» **EXERCISE PROMPT**: Each record should be given again exactly, and any picture in it left out.

___ TASK DATA ___

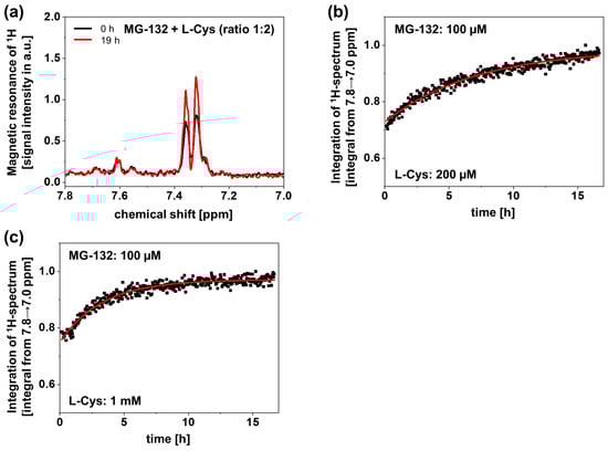 To further quantify the reaction kinetics between MG-132 and L-Cys, nuclear magnetic resonance spectroscopy (NMR) was used. MG-132 (100 µM) and L-Cys were measured in fast intervals over 19 h. A specific window in the 1H-NMR spectrum (7.8–7.0 ppm) was chosen to quantify the reaction kinetics. The signal of MG-132 incubated alone did not change within the relevant timespan (Figure S7a). L-Cys (200 µM) had no signal in this interval (Figure S7b). The addition of L-Cys to MG-132 did not immediately change the signal either (Figure S7c); however, after 19 h of co-incubation, the signal changed significantly (Figure 4a). To properly quantify the reaction kinetics, the chosen interval was integrated at many time points (0–19 h), and the data points were fitted to an exponential function to determine the time constant of the reaction. The reaction was more than twice as fast with 1 mM L-Cys (Figure 4c) compared to 200 µM L-Cys (Figure 4b) (time constants of 3 h−1 vs. 7 h−1). These results confirm that a concentration- and time-dependent covalent reaction may occur between MG-132 and L-Cys at high L-Cys concentrations.
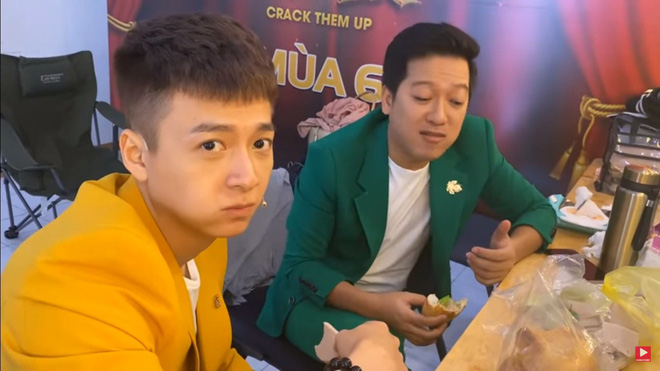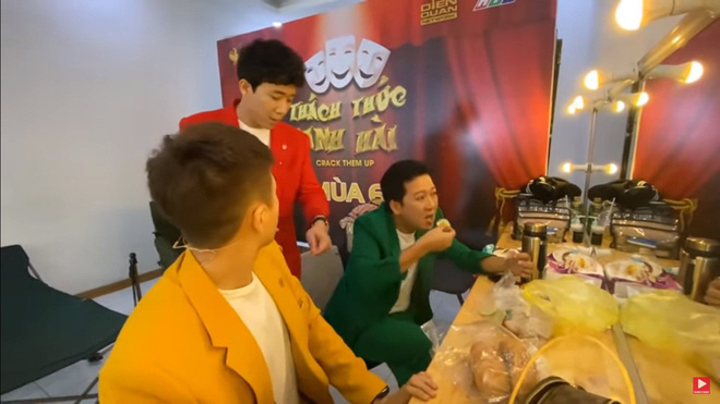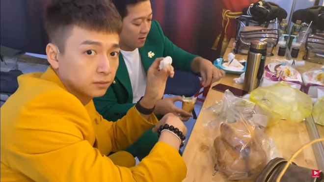 Trường Giang thấy có người hỏi liền đáp: "Chúng tôi đang ăn bánh mỳ thôi. Color Man mang tiếng mở tiệm bánh mỳ mà bây giờ để nghệ sĩ phải đi mua bánh mỳ ăn thế này đây".
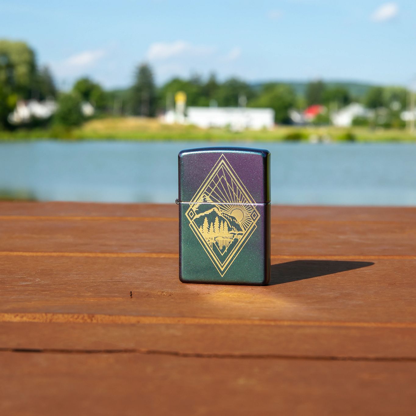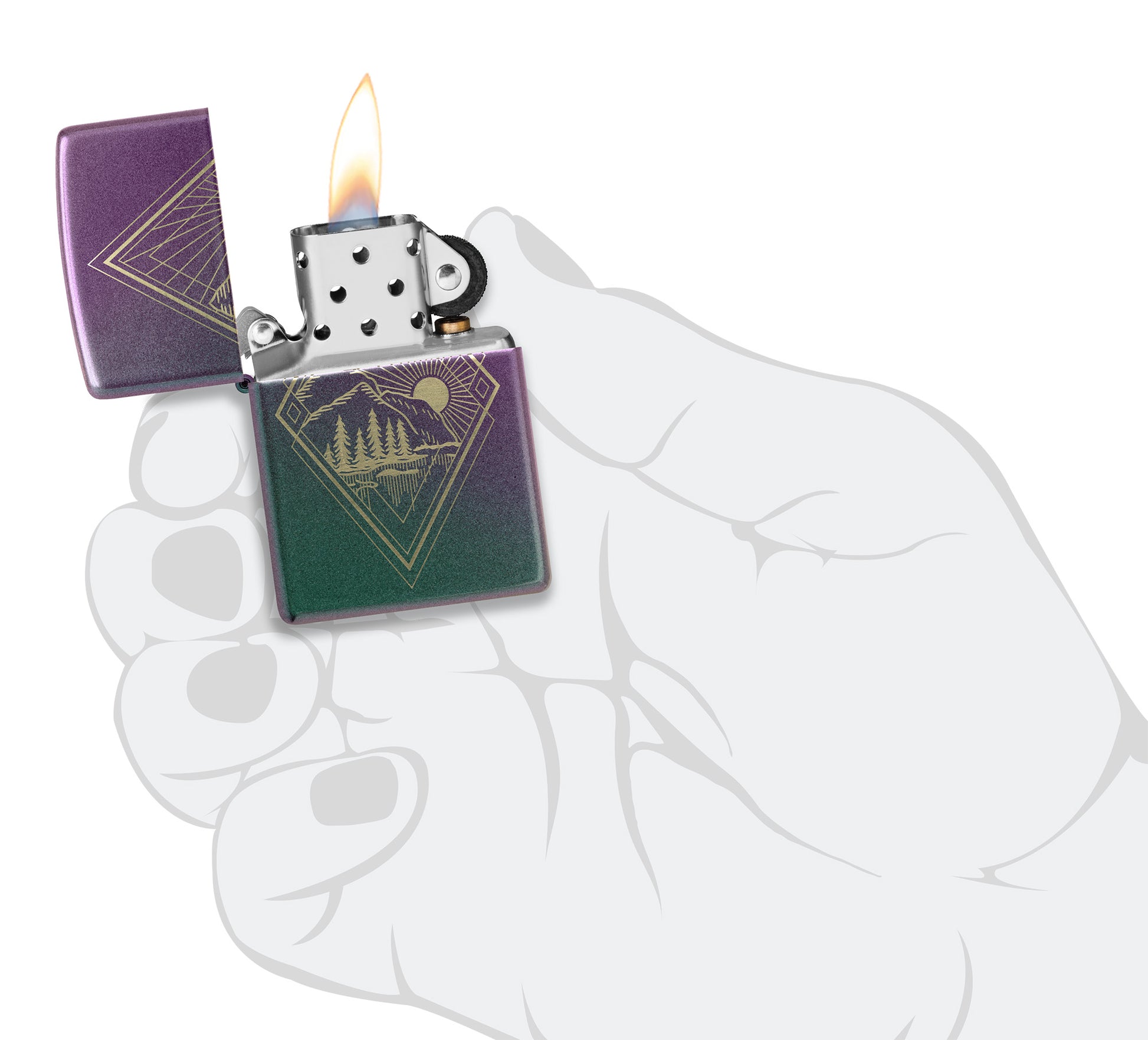 The mountains are calling, and this Iridescent lighter will help you answer that call (even if you're stuck indoors). The laser-engraved outdoor design stands in luxurious contrast on the satin ombré backdrop. Comes packaged in a gift box. For optimal performance fill with Zippo lighter fuel.
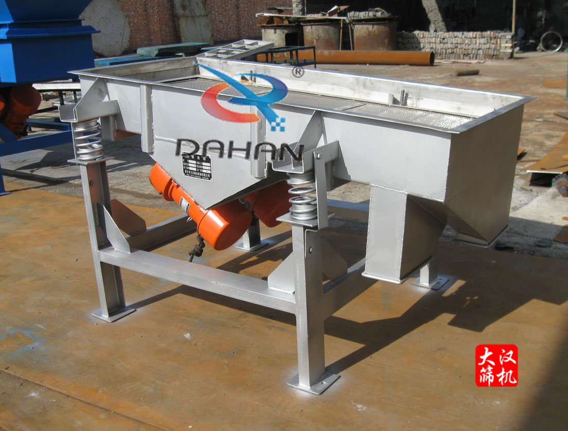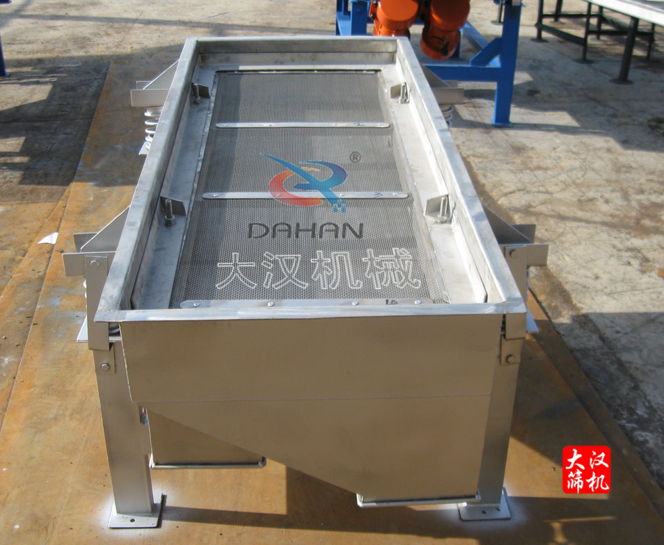“大漢牌”DZSF-512-1S食品直線振動篩篩面寬為50mm,長1200mm,一層篩網二出口,與物料接觸部材質以及直線篩篩網均為304不銹鋼,內部打磨拋光,干凈衛生,支架以及電機板、導力板為Q235碳鋼材質,噴防銹漆。
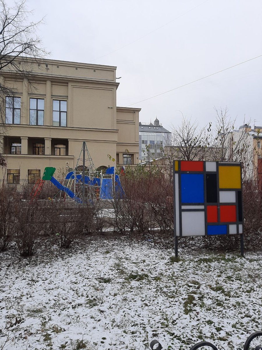Любите ли вы гулять по задворкам Лиговки, как люблю я? И не в поисках ужасов нашего городка, а в поисках красивого и познавательного. И такого много в этих местах. Вот, например, Мондриан. Стеклянная инсталляция соперничает по цвету с детской площадкой, удивляя прохожих. Чтобы узнать подробности, надо быть очень любознательным человеком. Летом и вовсе не видно этой таблички, другое дело сейчас зимой, можно пройти по газону и раздвинув телефоном колючие ветки попытаться прочитать. Что-то там про МО Лиговка-Ямская, про Мондриана, в любом случае, давно эта история началась, аж в 2018 году, столько воды утекло с тех пор. Из энциклопедии: Питер Корнелис (Пит) Мондриан (1872 – 1944) – голландский художник, положивший начало абстрактному направлению в живописи, наряду с Кандинским и Малевичем. Решётки из чёрных горизонтальных и вертикальных линий с ячейками. Ячейки закрашивались основными цветами, то есть красным, синим и жёлтым. Надо же, как просто быть художником – раскрась квадратики кра
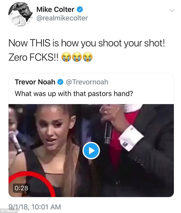 Seu tweet foi em resposta ao tweet de Trevor Noah, que incluía uma imagem de Grande aparentemente sendo apalpada.

___

» **TASK RESULT**:
 To further quantify the reaction kinetics between MG-132 and L-Cys, nuclear magnetic resonance spectroscopy (NMR) was used. MG-132 (100 µM) and L-Cys were measured in fast intervals over 19 h. A specific window in the 1H-NMR spectrum (7.8–7.0 ppm) was chosen to quantify the reaction kinetics. The signal of MG-132 incubated alone did not change within the relevant timespan (Figure S7a). L-Cys (200 µM) had no signal in this interval (Figure S7b). The addition of L-Cys to MG-132 did not immediately change the signal either (Figure S7c); however, after 19 h of co-incubation, the signal changed significantly (Figure 4a). To properly quantify the reaction kinetics, the chosen interval was integrated at many time points (0–19 h), and the data points were fitted to an exponential function to determine the time constant of the reaction. The reaction was more than twice as fast with 1 mM L-Cys (Figure 4c) compared to 200 µM L-Cys (Figure 4b) (time constants of 3 h−1 vs. 7 h−1). These results confirm that a concentration- and time-dependent covalent reaction may occur between MG-132 and L-Cys at high L-Cys concentrations.
 Trường Giang thấy có người hỏi liền đáp: "Chúng tôi đang ăn bánh mỳ thôi. Color Man mang tiếng mở tiệm bánh mỳ mà bây giờ để nghệ sĩ phải đi mua bánh mỳ ăn thế này đây".
 The mountains are calling, and this Iridescent lighter will help you answer that call (even if you're stuck indoors). The laser-engraved outdoor design stands in luxurious contrast on the satin ombré backdrop. Comes packaged in a gift box. For optimal performance fill with Zippo lighter fuel.
“大漢牌”DZSF-512-1S食品直線振動篩篩面寬為50mm,長1200mm,一層篩網二出口,與物料接觸部材質以及直線篩篩網均為304不銹鋼,內部打磨拋光,干凈衛生,支架以及電機板、導力板為Q235碳鋼材質,噴防銹漆。
Любите ли вы гулять по задворкам Лиговки, как люблю я? И не в поисках ужасов нашего городка, а в поисках красивого и познавательного. И такого много в этих местах. Вот, например, Мондриан. Стеклянная инсталляция соперничает по цвету с детской площадкой, удивляя прохожих. Чтобы узнать подробности, надо быть очень любознательным человеком. Летом и вовсе не видно этой таблички, другое дело сейчас зимой, можно пройти по газону и раздвинув телефоном колючие ветки попытаться прочитать. Что-то там про МО Лиговка-Ямская, про Мондриана, в любом случае, давно эта история началась, аж в 2018 году, столько воды утекло с тех пор. Из энциклопедии: Питер Корнелис (Пит) Мондриан (1872 – 1944) – голландский художник, положивший начало абстрактному направлению в живописи, наряду с Кандинским и Малевичем. Решётки из чёрных горизонтальных и вертикальных линий с ячейками. Ячейки закрашивались основными цветами, то есть красным, синим и жёлтым. Надо же, как просто быть художником – раскрась квадратики кра
 Seu tweet foi em resposta ao tweet de Trevor Noah, que incluía uma imagem de Grande aparentemente sendo apalpada.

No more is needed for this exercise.